That’s probably not the best title; my mom is still physically here, but has been largely checked out mentally for quite some time. She hardly remembers my sister and I anymore and, while she frets about where my dad is 20 seconds after he leaves a room, I’m not completely sure she really understands who he is either. She went into a marvelous memory care facility yesterday and I had planned on writing a tribute to her this morning. But then I came across this little piece that I wrote a couple of years ago, before she had completely lost it, and I thought it summed up my feelings nicely.

Muddah

I was sitting on the porch listening to the heavy rain as it beat steadily on the pine roof and happily splattered on the stones of the low wall that half encloses the front of the house. Thunder growled overhead; a low, guttural sound that to some would seem ominous but to me signals the onset of a welcome monsoon.

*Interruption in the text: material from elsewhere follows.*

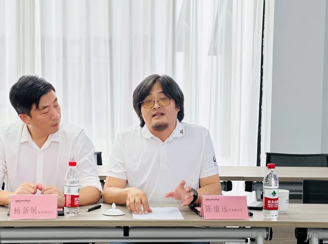 新生代会长徐忠强汇报商会新生代7-8月活动开展情况,并提出后期新生代将增加会企走访频率,更深入地了解会员单位实际情况。
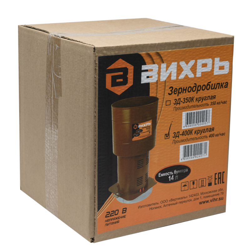 Зернодробилка ВИХРЬ ЗД-400К, 74/2/4

As the scent of the afternoon shower grew richer I realized that even the rain smells different in the desert. It’s a combination of stone and wood and, somehow, the very dust blanketing the stone and wood it beats upon.

I was relishing the scent, creating a memory of the sound, the smell, and that pink Arizona light made more vivid in the falling droplets. It was one of those moments of noisy silence, when the sounds swirl and blend together, creating just enough distraction that the brain is able to quiet itself and become lost in a state of complete, meditative introspection.

And then my mother opened the door… solitude undone.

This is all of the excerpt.